I have a data frame (df) with the following variables:
event event time
pass 10.10
failed block 10.20
failed check 10.21
reception 10.25
pass 17.60
reception 17.65
I need to create a variable called reception time that returns the time of the reception for each pass, so it looks like:
event event time reception time
pass 10.10 10.25
failed block 10.20 NA
failed check 10.21 NA
reception 10.25 NA
pass 17.60 17.65
reception 17.65 NA
There could be 50 or more lines in between pass and reception.
Upvotes: 2
Views: 138
Reputation: 562
If I understand your data correctly, adding a grouping variable (e.g. event_n
) could be helpful for further analyses.
If reception
is always the last occurence before a new series of event, you could use the last()
function from dplyr
.
library(dplyr)
df <- tribble(
~event, ~event_time,
"pass", 10.10,
"failed block",10.20,
"failed check",10.21,
"reception", 10.25,
"pass", 17.60,
"reception", 17.65)
df2 <- df %>%
group_by(event) %>%
mutate(event_n = sequence(n())) %>%
ungroup()
df2
#> # A tibble: 6 x 3
#> event event_time event_n
#> <chr> <dbl> <int>
#> 1 pass 10.1 1
#> 2 failed block 10.2 1
#> 3 failed check 10.2 1
#> 4 reception 10.2 1
#> 5 pass 17.6 2
#> 6 reception 17.6 2
df2 %>%
group_by(event_n) %>%
mutate(reception = if_else(event == "pass", last(event_time), NA_real_))
#> # A tibble: 6 x 4
#> # Groups: event_n [2]
#> event event_time event_n reception
#> <chr> <dbl> <int> <dbl>
#> 1 pass 10.1 1 10.2
#> 2 failed block 10.2 1 NA
#> 3 failed check 10.2 1 NA
#> 4 reception 10.2 1 NA
#> 5 pass 17.6 2 17.6
#> 6 reception 17.6 2 NA
Created on 2019-08-08 by the reprex package (v0.3.0)

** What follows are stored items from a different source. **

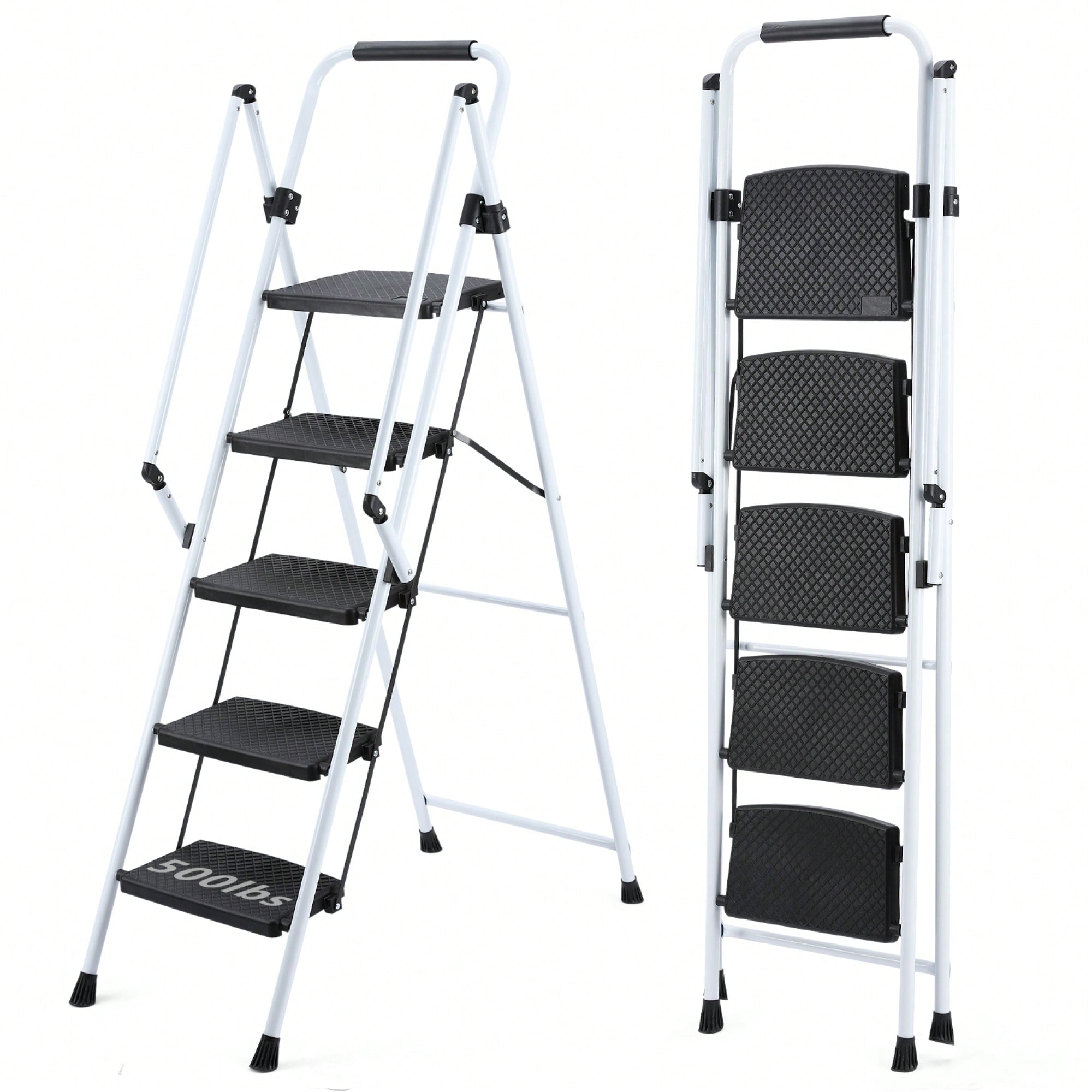5 Step Folding Steel Ladder Stool With Anti-Slip Wide Pedals And Safety Handle Lightweight 300 Pound Capacity White
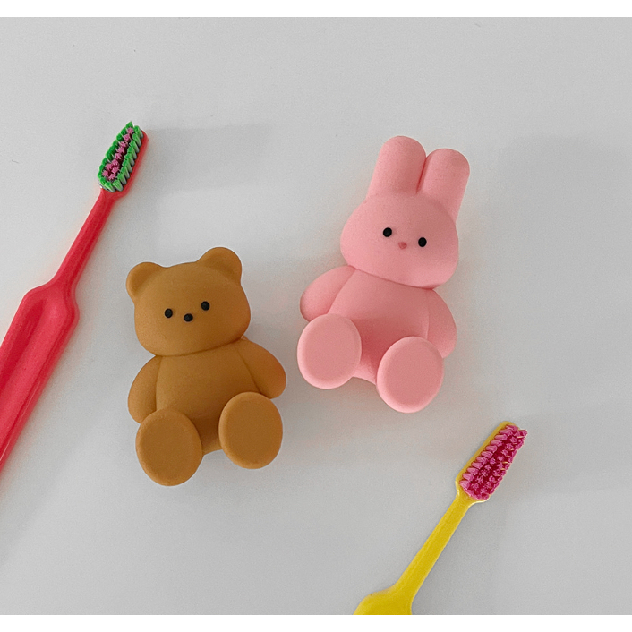 The Ninemall-Conjunto De Ursinho De Pelúcia + Porta Escova De Dentes De Coelho/Fofo
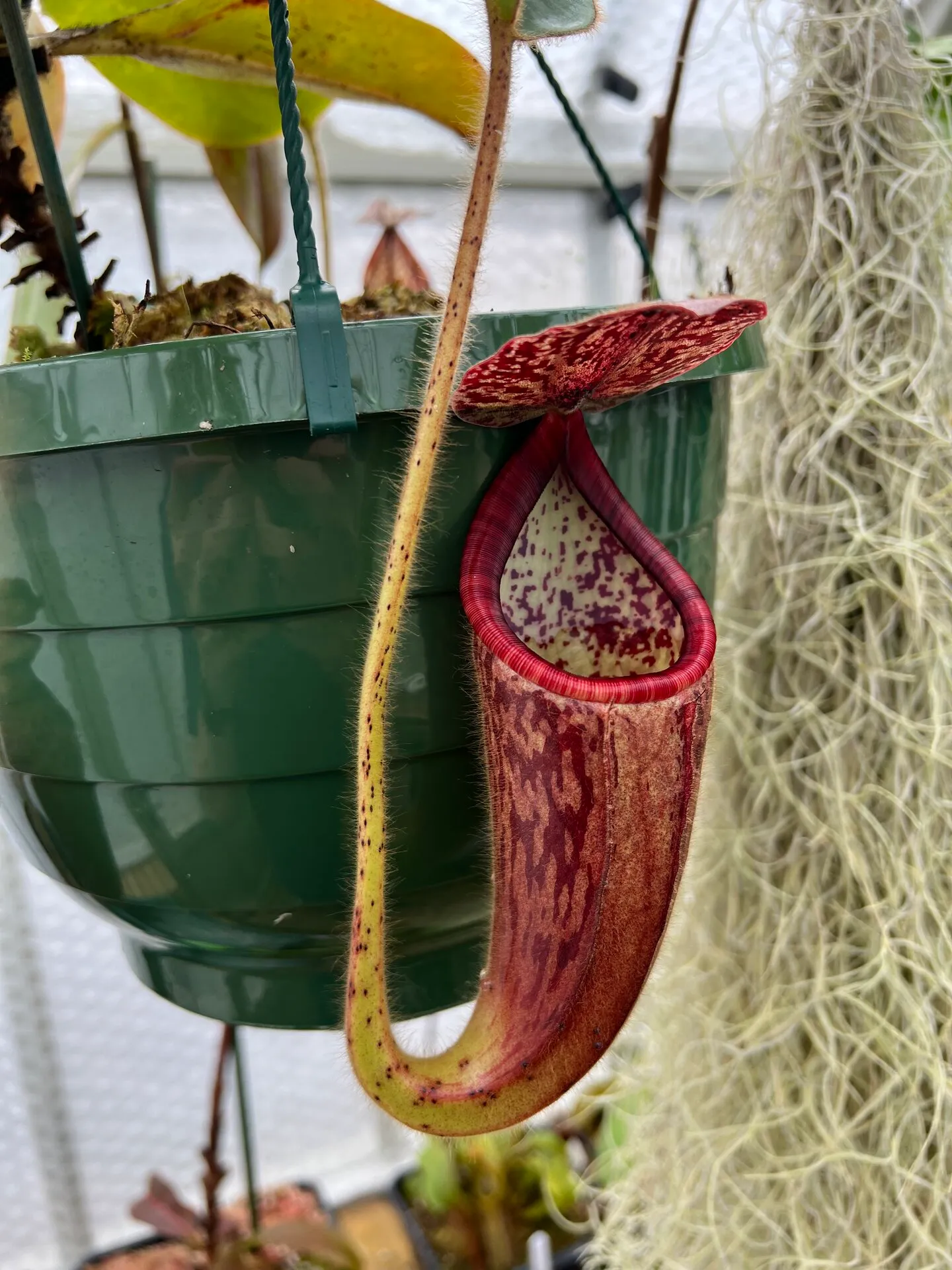 The glands are not the only distinctive characteristic of this species. All parts of the plant - from the leaves down to the tendrils and pitchers - are covered in a thick coat of rusty brown hairs (or ‘indumentum’). I’d recommend this excellent video about N. glandulifera if you’re interested in seeing a mature specimen.

Does this answer work with your data?
Upvotes: 1
Reputation: 2937
You may achieve what you need using the which
function of base
R
, assuming two things:
pass
(i.e., a pass
occurs before a reception
)reception
that follows at a later point in time applies to the previous pass
If that is the case (i.e., if not, provide more details), then this should do:
# Define variables.
event <- as.factor(c("p", "fb", "fc", "r", "p", "r"))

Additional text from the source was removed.